(EXERCISE): Below is a listing. Return the lines from the one that contains "I am trying" to the one that contains "Belle application en", both ends included, verbatim and with no pictures.

*** EXTRACTED DATA Section Begins ***

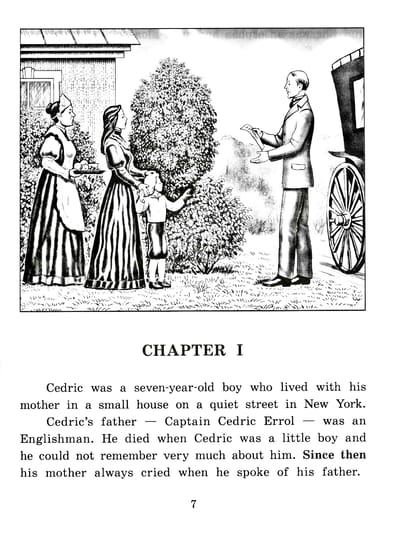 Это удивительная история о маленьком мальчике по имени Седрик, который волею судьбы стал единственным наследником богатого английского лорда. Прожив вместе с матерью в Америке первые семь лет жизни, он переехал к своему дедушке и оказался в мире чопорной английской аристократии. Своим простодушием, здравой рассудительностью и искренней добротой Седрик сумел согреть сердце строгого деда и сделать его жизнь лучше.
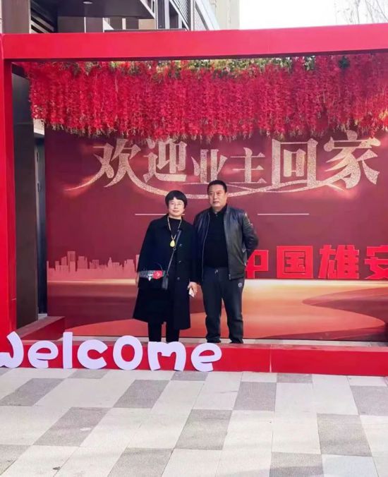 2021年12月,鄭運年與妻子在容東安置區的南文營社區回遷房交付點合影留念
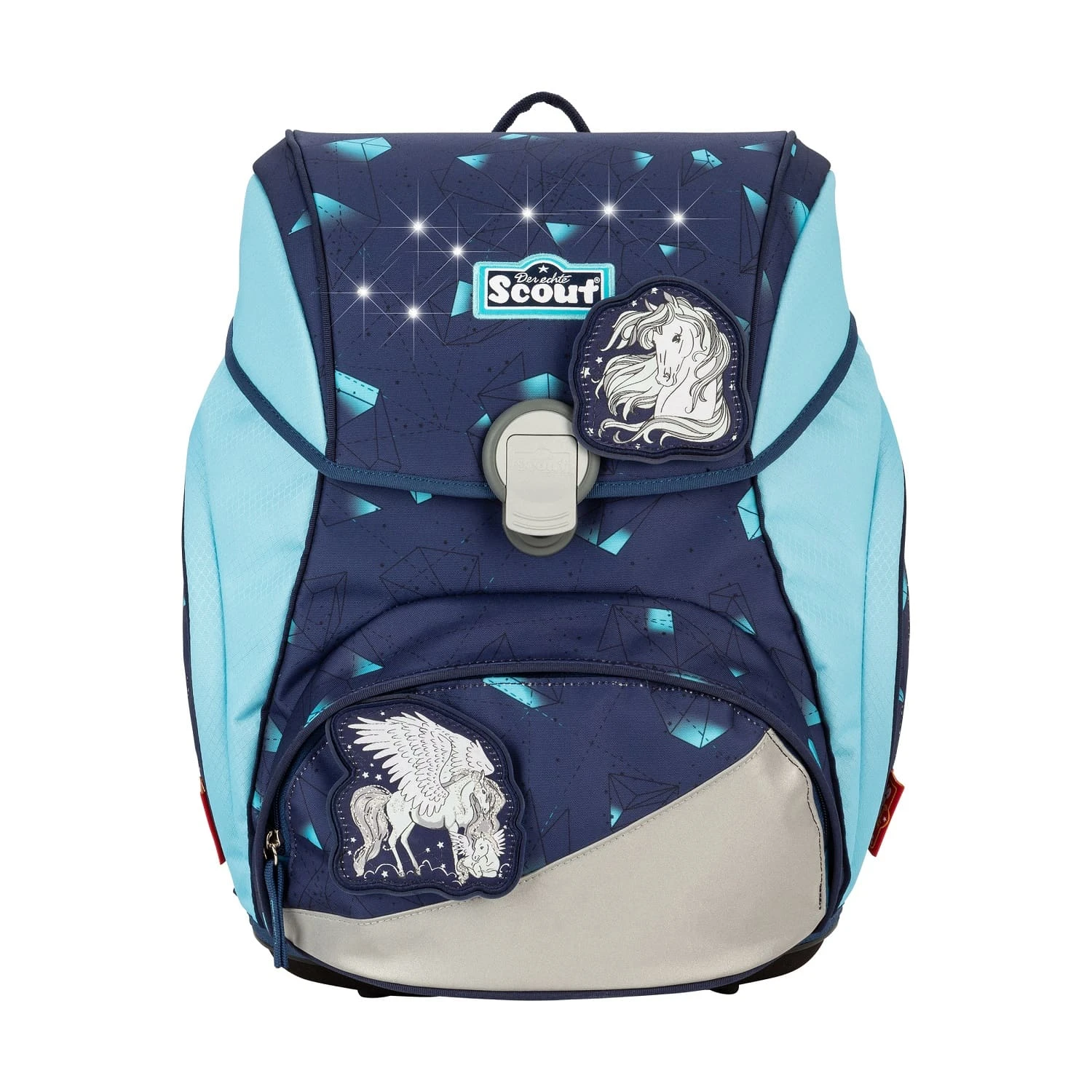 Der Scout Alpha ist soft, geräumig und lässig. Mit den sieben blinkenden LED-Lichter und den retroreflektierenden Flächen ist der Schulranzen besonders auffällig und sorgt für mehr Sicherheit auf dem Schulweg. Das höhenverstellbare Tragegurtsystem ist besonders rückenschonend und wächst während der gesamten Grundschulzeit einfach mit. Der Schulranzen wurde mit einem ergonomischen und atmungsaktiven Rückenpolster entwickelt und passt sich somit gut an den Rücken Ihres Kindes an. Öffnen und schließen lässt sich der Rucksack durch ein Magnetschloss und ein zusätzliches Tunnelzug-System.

*** EXTRACTED DATA Section Ends ***
*** EXTRACTED DATA Section Begins ***

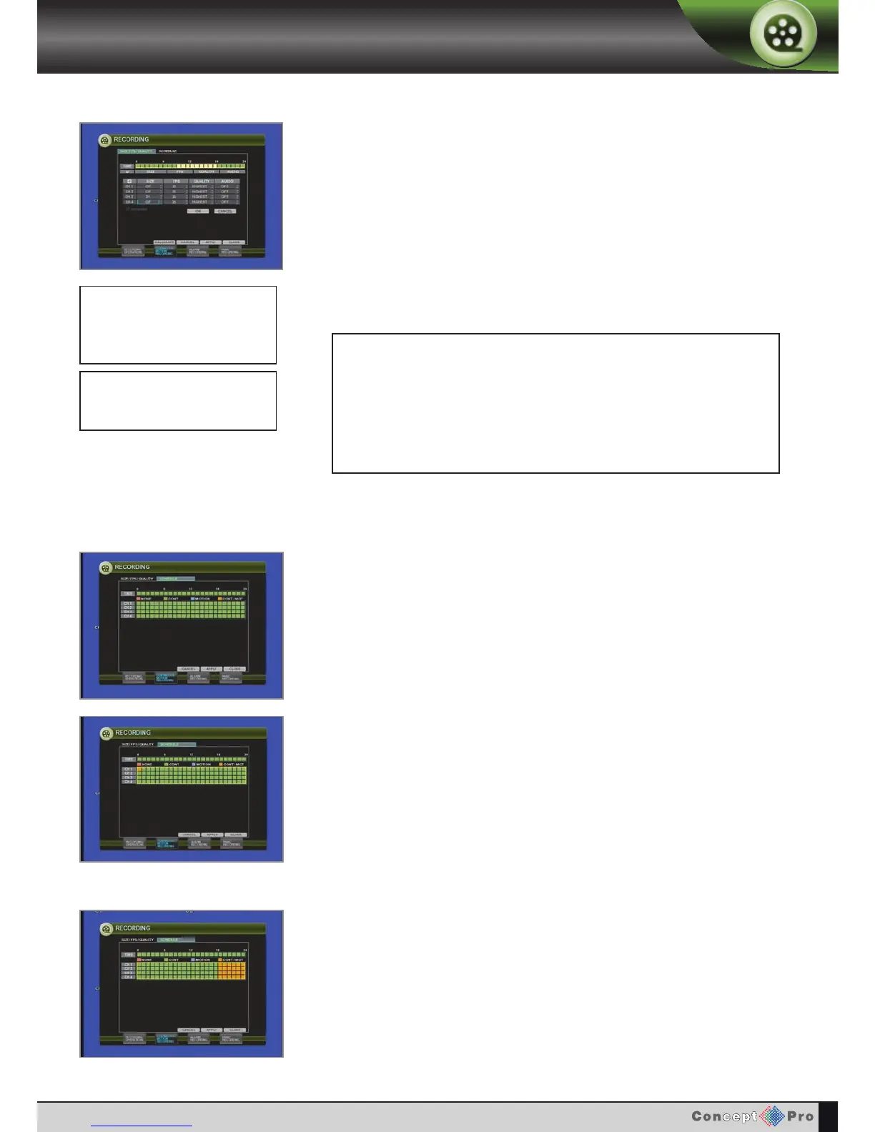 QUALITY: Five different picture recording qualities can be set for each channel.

*** EXTRACTED DATA Section Ends ***
*** EXTRACTED DATA Section Begins ***

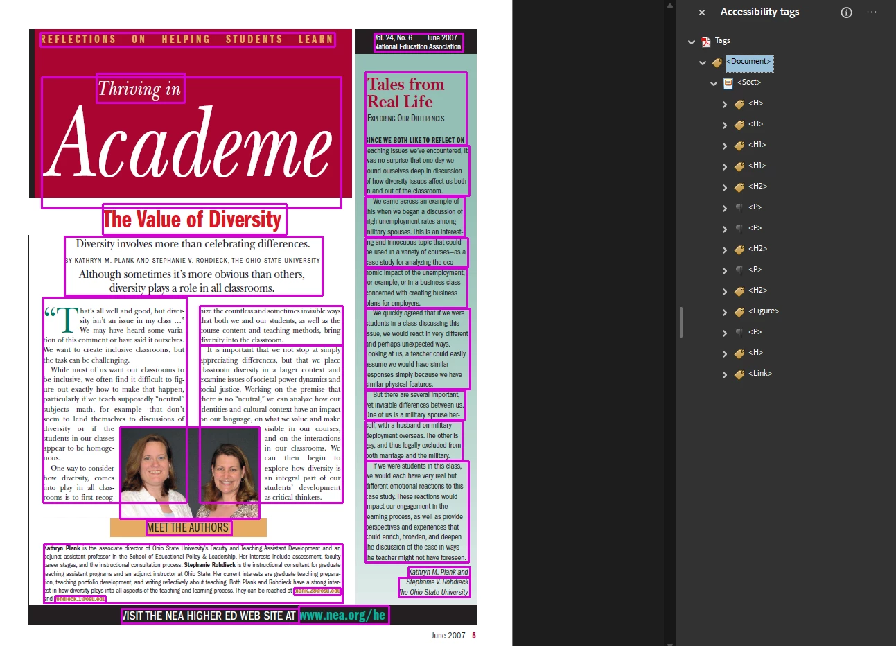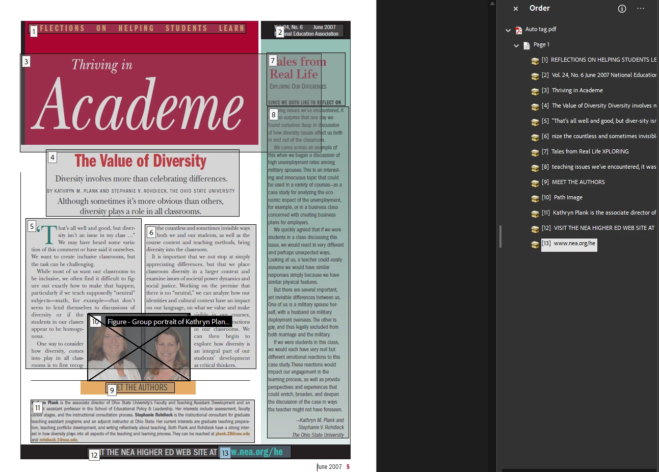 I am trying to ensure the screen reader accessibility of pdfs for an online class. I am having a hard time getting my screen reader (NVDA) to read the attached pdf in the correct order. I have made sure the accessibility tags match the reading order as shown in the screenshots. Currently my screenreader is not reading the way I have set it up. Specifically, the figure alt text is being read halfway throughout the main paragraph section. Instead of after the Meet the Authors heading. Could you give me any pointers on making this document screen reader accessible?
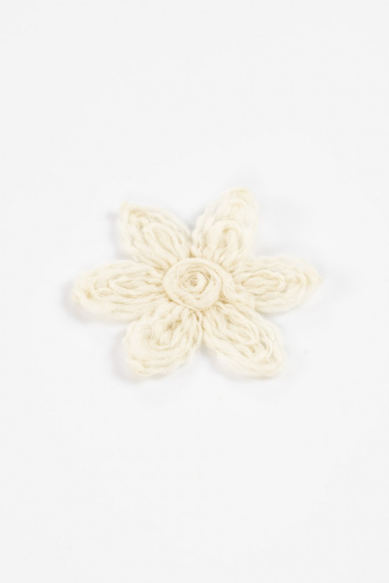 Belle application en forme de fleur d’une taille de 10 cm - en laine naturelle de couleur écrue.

*** EXTRACTED DATA Section Ends ***

(WRITTEN ANSWER):
 I am trying to ensure the screen reader accessibility of pdfs for an online class. I am having a hard time getting my screen reader (NVDA) to read the attached pdf in the correct order. I have made sure the accessibility tags match the reading order as shown in the screenshots. Currently my screenreader is not reading the way I have set it up. Specifically, the figure alt text is being read halfway throughout the main paragraph section. Instead of after the Meet the Authors heading. Could you give me any pointers on making this document screen reader accessible?
 Belle application en forme de fleur d’une taille de 10 cm - en laine naturelle de couleur écrue.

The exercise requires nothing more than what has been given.